- Source data -
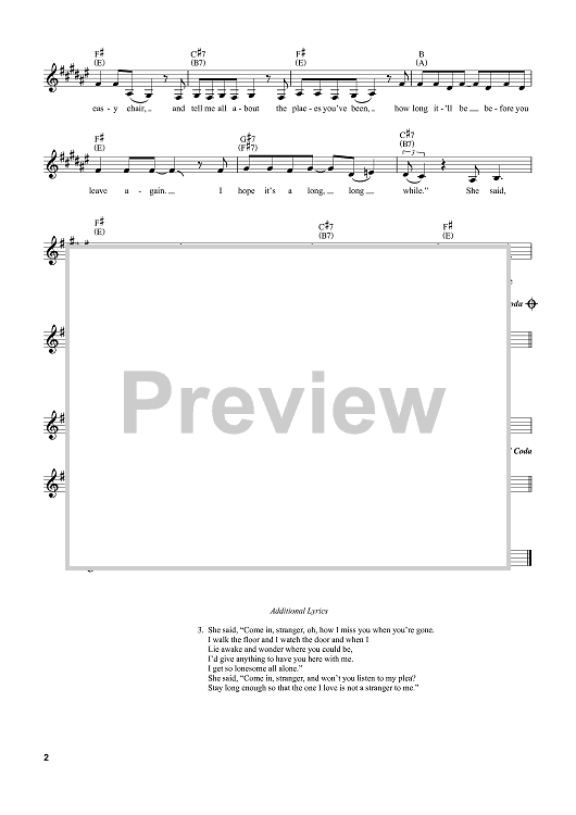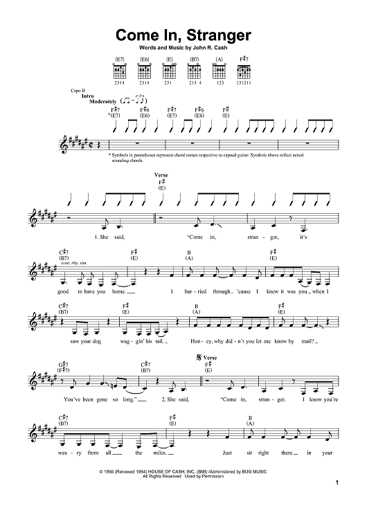"Come In, Stranger" Sheet Music by Johnny Cash
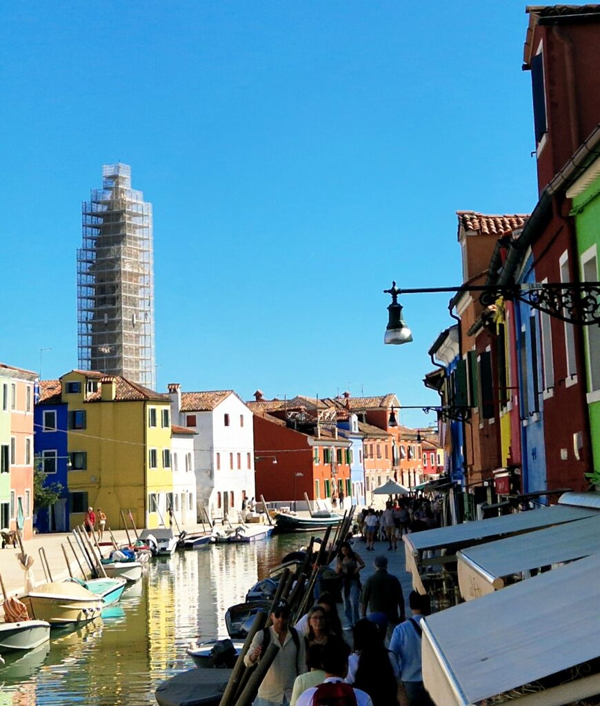 Mitt på ön ligger det karaktäristiska klocktornet vid Chiesa di San Martino, det är känt för att det lutar lite lätt, något som ger Burano ytterligare charm. Just nu är tyvärr kyrktornet under restaurering och täckt av byggnadsställningar och plast, vilket gör att vi inte riktigt kan föreställa oss den i sin helhet.
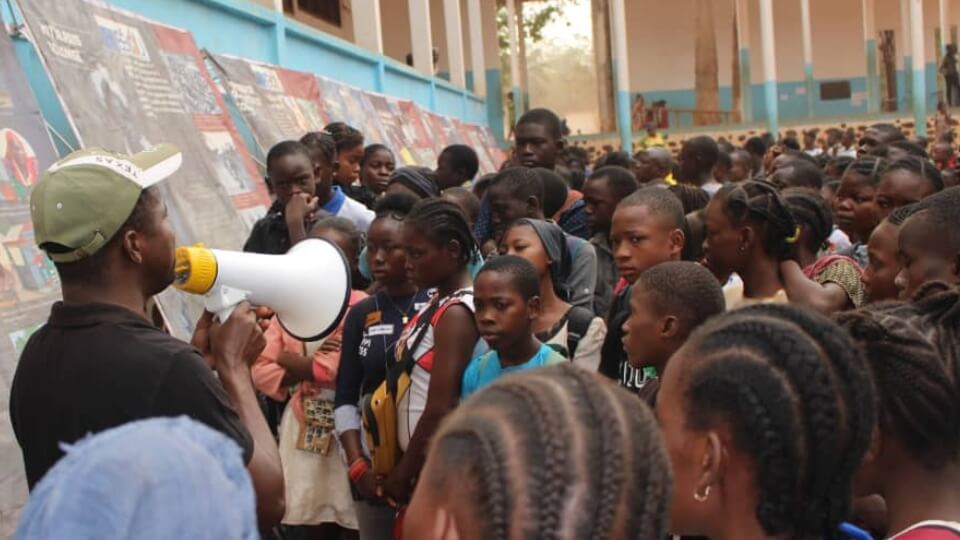 It’s a hot day in late January as the Principal of Lycée Barthélémy Boganda, a school in Bangui, capital of the Central African Republic, addresses 2,000 students about to take part in a peace education workshop with the Aegis Trust.
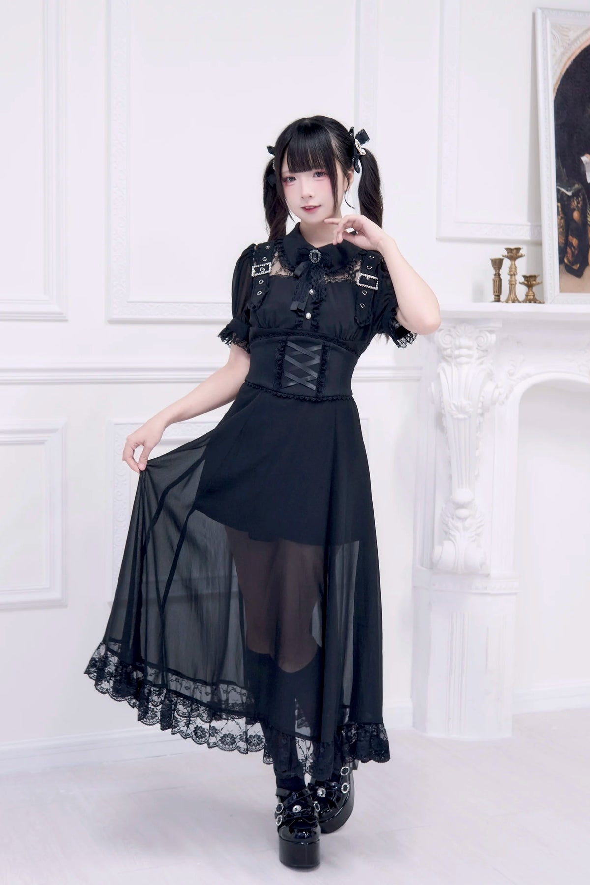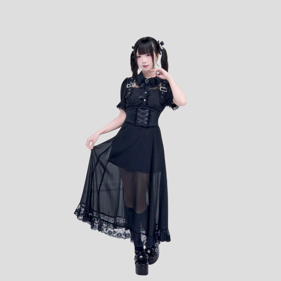 Jirai Kei Fűzős Ruha Fekete Kawaii Hosszú
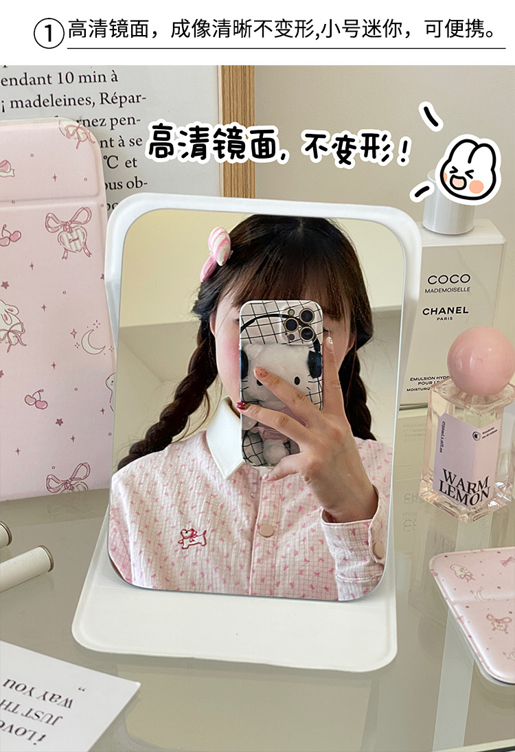 Espejo de dibujos animados, espejo de tocador de escritorio para el hogar, espejo de maquillaje plegable portátil para la oficina del dormitorio de estudiantes
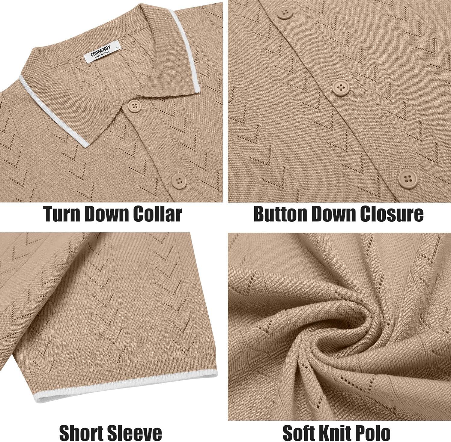 COOFANDY Mens Knit Polo Shirts Button Down Short Sleeve Shirt Summer Casual Beach Vacation Tops(Khaki)
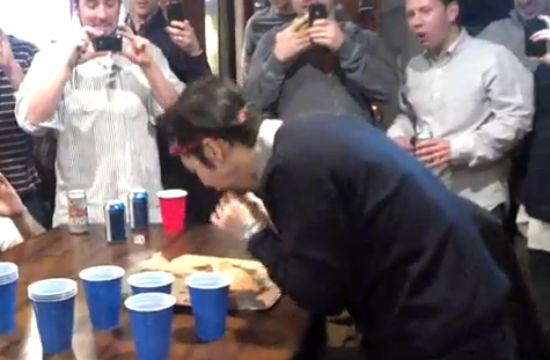 Other guys shout out unintelligible, but probably equally offensive things in general mockery and derision, until the end where they clap and pass him a beer to chug. The whole thing has the same uncomfortable vibe as watching video footage of a really terrible frat hazing. It just makes us feel dark and sad inside. We hope Kobes was at least welcomed into the bro flock after his performance and not pointed to and laughed at all night.
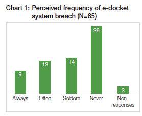 As depicted in Chart 1, this study suggests that the e-docket system in the stations under review may be vulnerable to security breaches. This was evidenced by nine respondents (14%) who indicated that the e-docket system always suffers a security breach, thirteen (20%) who indicated that it occurs often, and fourteen (21%) out of 65 survey respondents who indicated that a security breach seldom occurred. Twenty-six respondents (40%) - a considerable number - said that the e-docket system was never breached. All responses considered, this implies a low technological readiness for secure electronic records management in the SAPS.

- Exercise brief -
Because only one stretch of the records is wanted, please output the lines from the one holding "Mitt på ön ligger" through the one holding "Jirai Kei Fűzős Ruha Fekete Kawaii Hosszú" exactly, both included, and leave every picture out.

- Output below -
 Mitt på ön ligger det karaktäristiska klocktornet vid Chiesa di San Martino, det är känt för att det lutar lite lätt, något som ger Burano ytterligare charm. Just nu är tyvärr kyrktornet under restaurering och täckt av byggnadsställningar och plast, vilket gör att vi inte riktigt kan föreställa oss den i sin helhet.
 It’s a hot day in late January as the Principal of Lycée Barthélémy Boganda, a school in Bangui, capital of the Central African Republic, addresses 2,000 students about to take part in a peace education workshop with the Aegis Trust.
 Jirai Kei Fűzős Ruha Fekete Kawaii Hosszú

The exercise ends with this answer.